If a compensable injury or disease combines with a pre-existing condition, which resulted from an injury or disease not compensable under this chapter, to cause or prolong disability or a need for treatment, the resultant condition shall be compensable only to the extent such compensable injury or disease remains a major but not necessarily predominant cause of disability or need for treatment.

[5] On appeal the insurer challenges the employee's right to claim total incapacity benefits beyond those awarded in the conference order, as the employee did not appeal from that order. We need not address this argument, however, as the insurer acceded to the employee's claim at hearing, and the issue is waived. (Tr. I, 5.)

[6] Although the judge made a finding pertinent to the § 1(7A) standard, he never once invoked § 1(7A). The judge stated: "According to Dr. Chung the injury of repetitive strain at work to both elbows and hands is a major cause of Mr. Elder's disability and need for treatment." (Dec. 6.) The judge adopted the medical opinion of Dr. Chung that the employee is totally incapacitated, and then more generally stated he adopted the medical opinion of Dr. Chung and other doctors, but did so only under the category of "Disability/Incapacity." He did not mention any doctor's opinion to support his causal relationship finding, or with specificity with regard to § 1(7A). (Dec. 11.)

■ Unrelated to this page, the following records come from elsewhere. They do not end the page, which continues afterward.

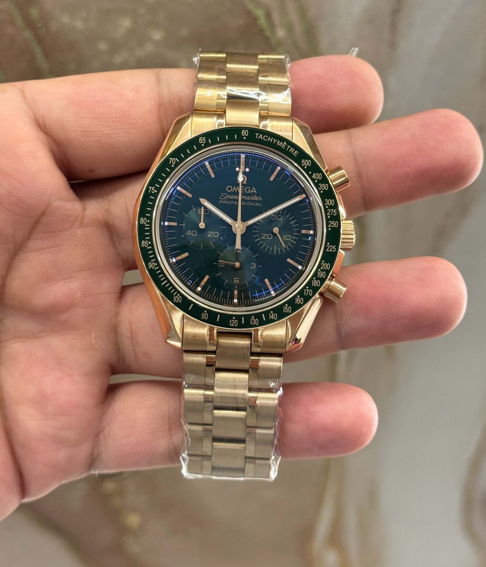 Discover the Omega Moonwatch Professional Green Dial Chronograph, a stylish blend of function and design featuring a working chronograph and RG finish.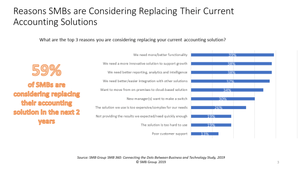 In fact, SMB Group data shows that 59% of SMBs are considering replacing their current accounting solution because they need better functionality, more access to innovation, and better reporting and analytics—benefits that these new technologies will provide.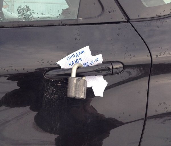 Желание легко получить деньги заставляет мошенников придумывать все новые и новые способы для развода. Одним из них является- повесить навесной замок на ручку автомобиля и приложить к нему бумажку с номером на который нужно позвонить.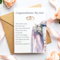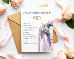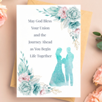 This Religious Wedding Card for Bride features delicate watercolor florals, soft greenery, and a graceful gold cross, creating a timeless design perfect for Christian weddings. Whether it’s given on the wedding morning, at a bridal shower, or tucked into a thoughtful gift, this Christian wedding card will be treasured for years to come.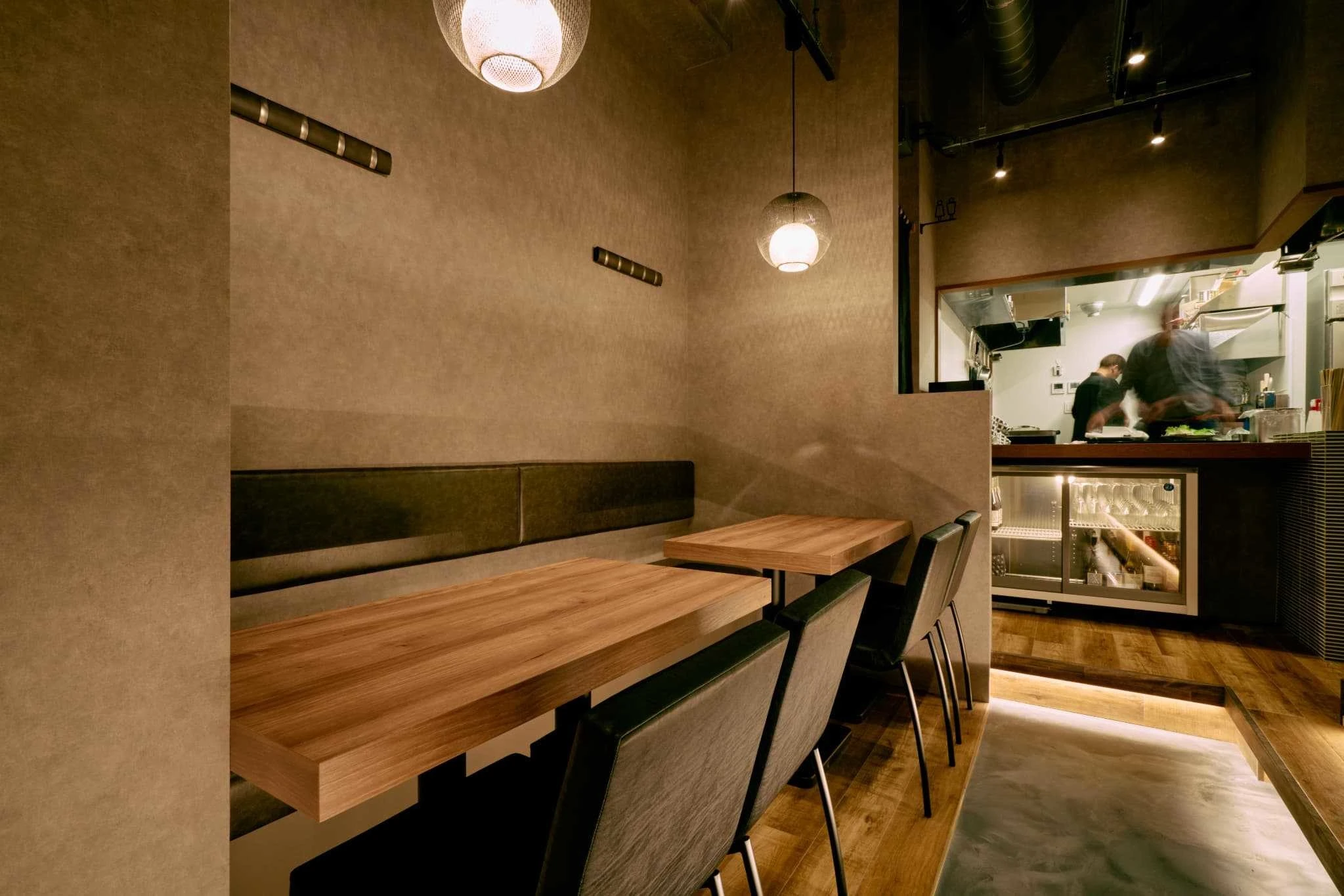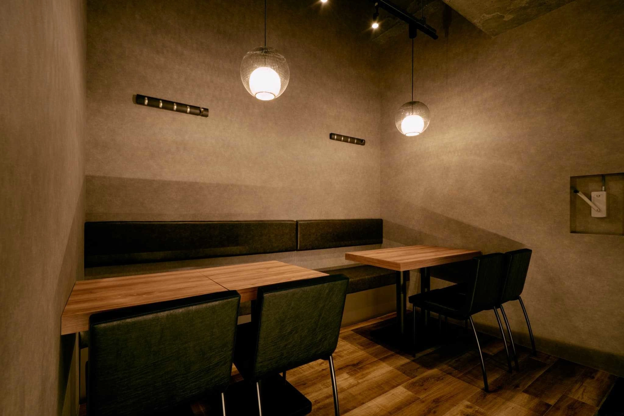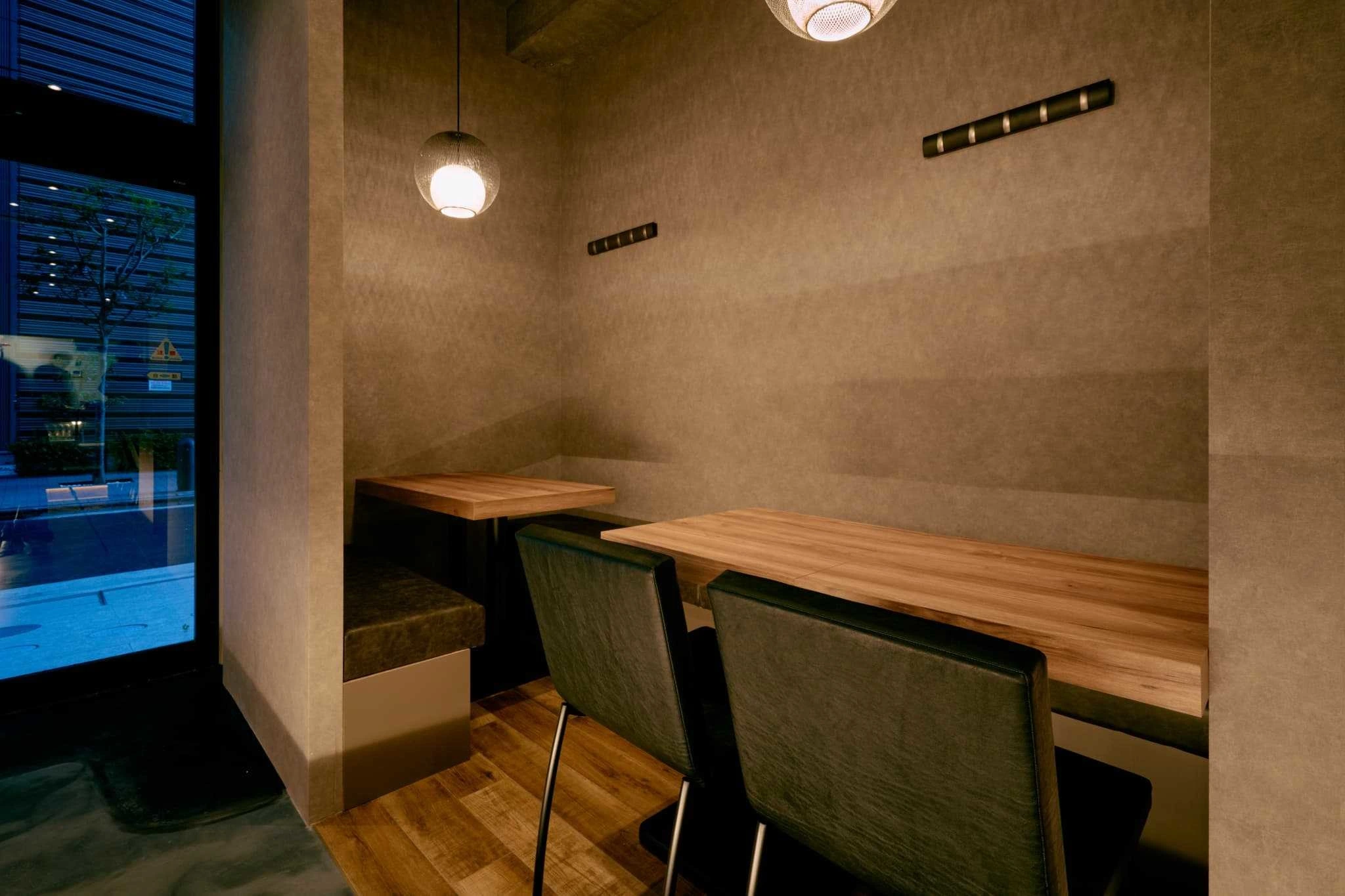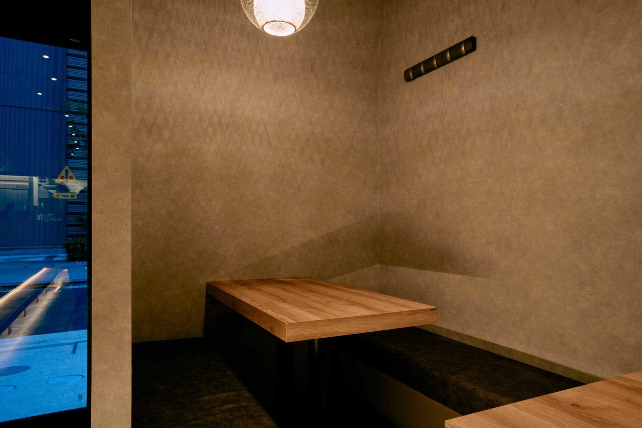 ・左官調の壁と、素材感にこだわった天板で、炭火料理に合う温度感のある空間に。

[7] The insurer's argument that the judge erred by allowing the doctor to view the videotape, (Ins. br. 10-11), is without merit. There is no contention that the job duties changed over the four years of employment, so the date of the videotape was not a legitimate issue for objection. Moreover, since the injury alleged was cumulative, the four-year old videotape was, in fact, relevant to the employee's claim for benefits.

[8] The judge must consider not only the single incident of May 7, 2002, (Dec. 5, 11), but the cumulative effect of the repetitive work done by the employee over the years, including also the 2001 reported incidents.